Segment Start: GIVEN INFORMATION
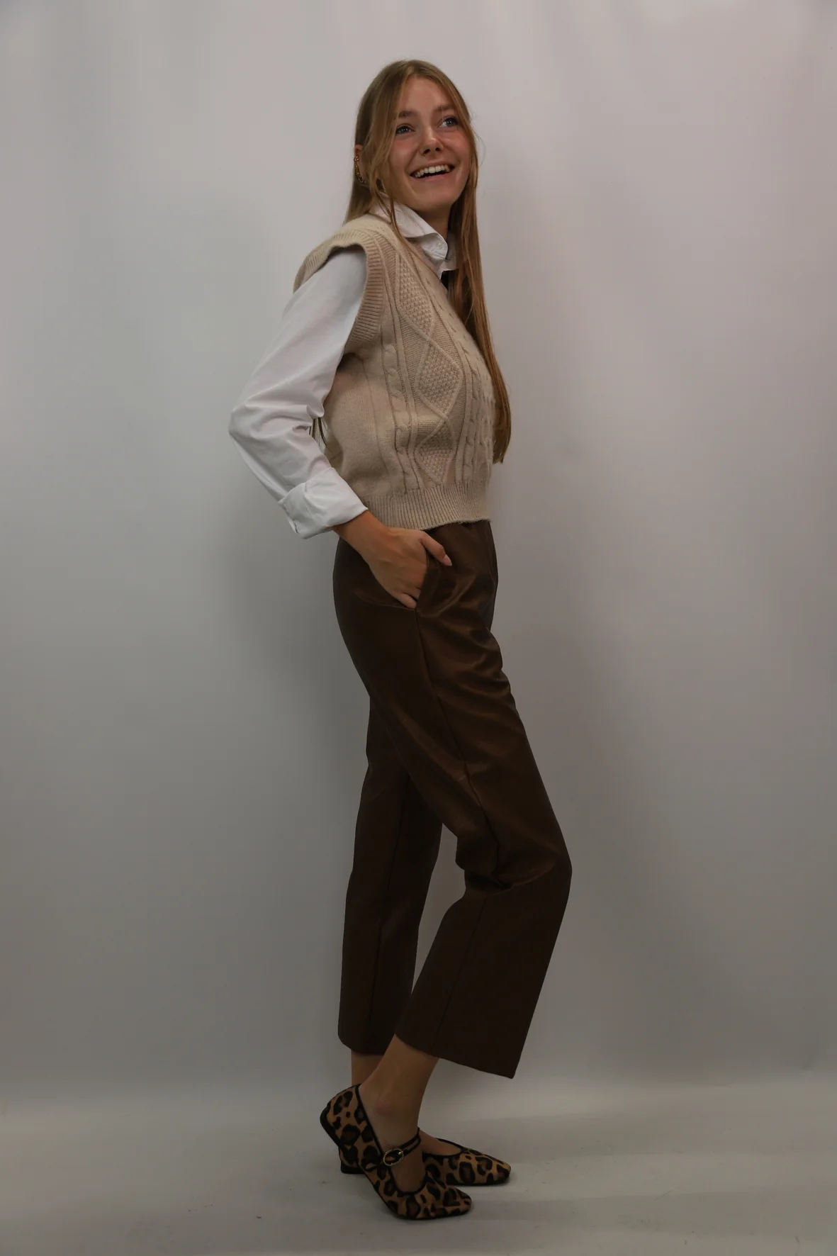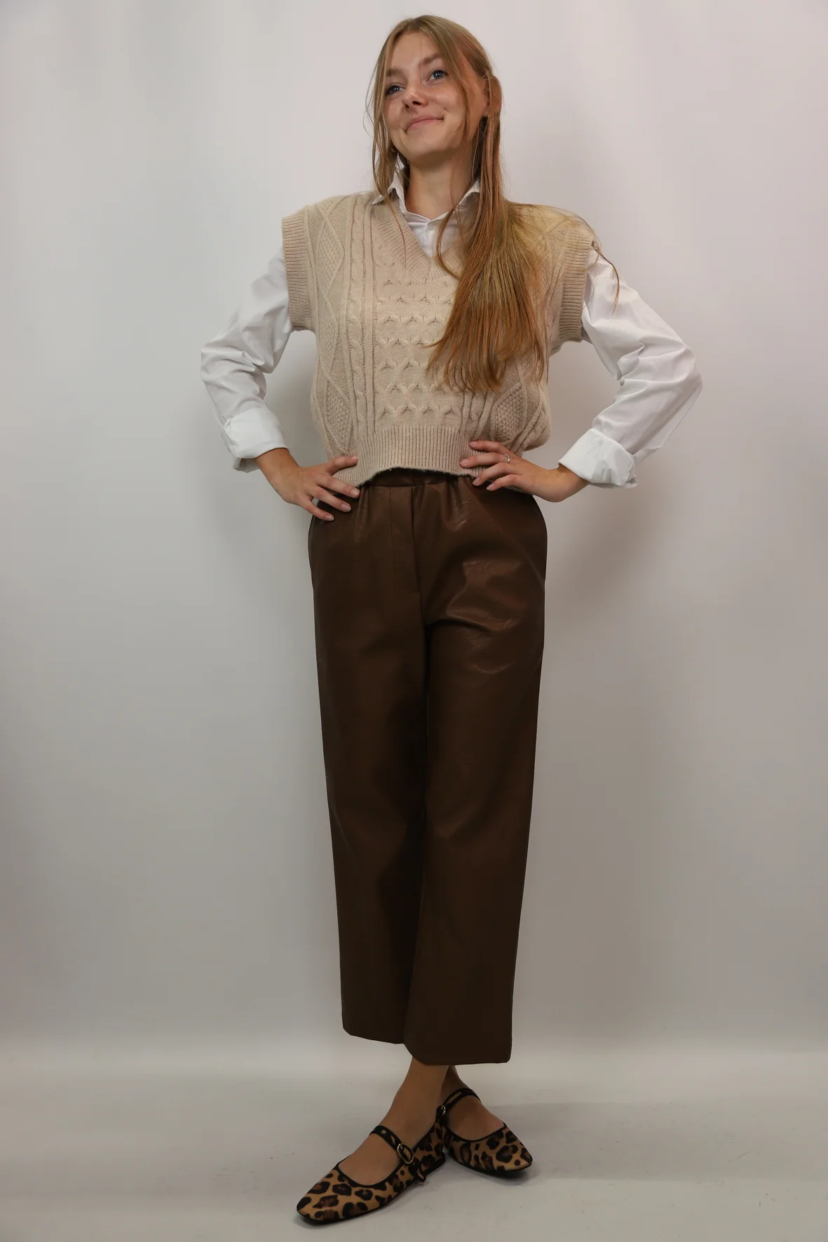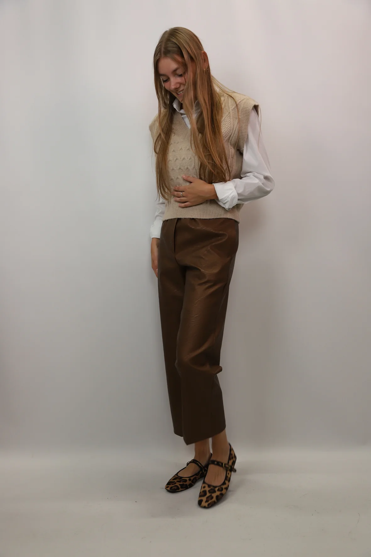 Pantalon souple simili cuir marron, Charming Girl, Taille S
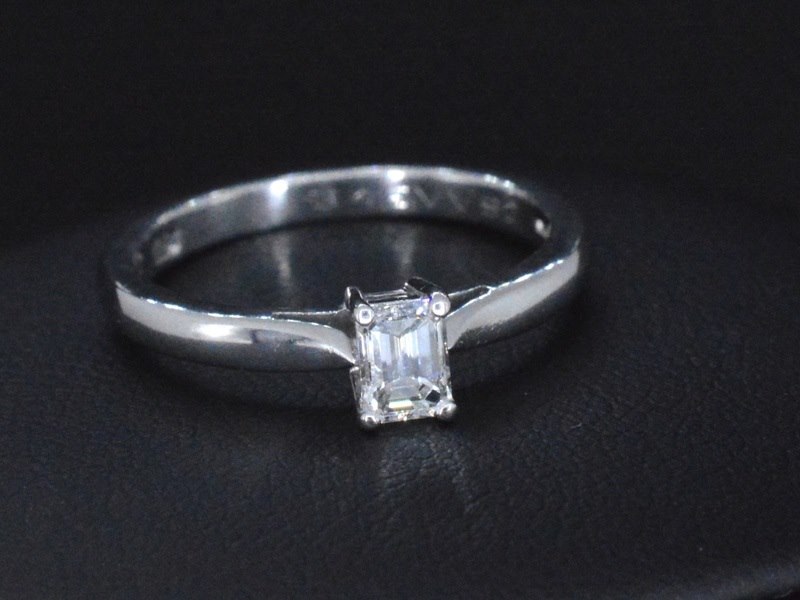 Product: Platina ring met diamant en GIA certificaat Specificaties: Diamant: Natuurlijk Aantal: 1 stuk Slijpvorm: baguette geslepen Gewicht (carat): 0.34 carat Kleur: E Zuiverheid: VVS2 Slijpkwaliteit: Zeer mooi Certificaat: GIA Certificaat nummer: 14094497 Juweel: Ring Gewicht: 4 gram Ringmaat (op maat gemaakt*): 52.25 (16.75 mm) Materiaal: Platina Conditie: Zo goed als nieuw Verpakking: Luxe sieradendoos Toelichting: De kwaliteit is overgenomen van het rapport behorend bij item. De waardebepaling is een beoordeling van een gecertificeerde diamantair, gebaseerd op consumentenprijzen. Consumentenprijs: € 6.965,- *Ringen kunnen als het mogelijk is op maat gemaakt worden
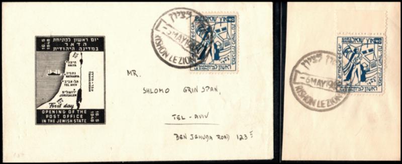 Cover addressed to Tel Aviv, postmarked 5/5/1948, with same-day arrival postmark on the back.
Segment End: GIVEN INFORMATION
→ **WORK ORDER**
Pictures are to be left out; repeat all the remaining data exactly.

→ **EXERCISE ANSWER**
 Pantalon souple simili cuir marron, Charming Girl, Taille S
 Product: Platina ring met diamant en GIA certificaat Specificaties: Diamant: Natuurlijk Aantal: 1 stuk Slijpvorm: baguette geslepen Gewicht (carat): 0.34 carat Kleur: E Zuiverheid: VVS2 Slijpkwaliteit: Zeer mooi Certificaat: GIA Certificaat nummer: 14094497 Juweel: Ring Gewicht: 4 gram Ringmaat (op maat gemaakt*): 52.25 (16.75 mm) Materiaal: Platina Conditie: Zo goed als nieuw Verpakking: Luxe sieradendoos Toelichting: De kwaliteit is overgenomen van het rapport behorend bij item. De waardebepaling is een beoordeling van een gecertificeerde diamantair, gebaseerd op consumentenprijzen. Consumentenprijs: € 6.965,- *Ringen kunnen als het mogelijk is op maat gemaakt worden
 Cover addressed to Tel Aviv, postmarked 5/5/1948, with same-day arrival postmark on the back.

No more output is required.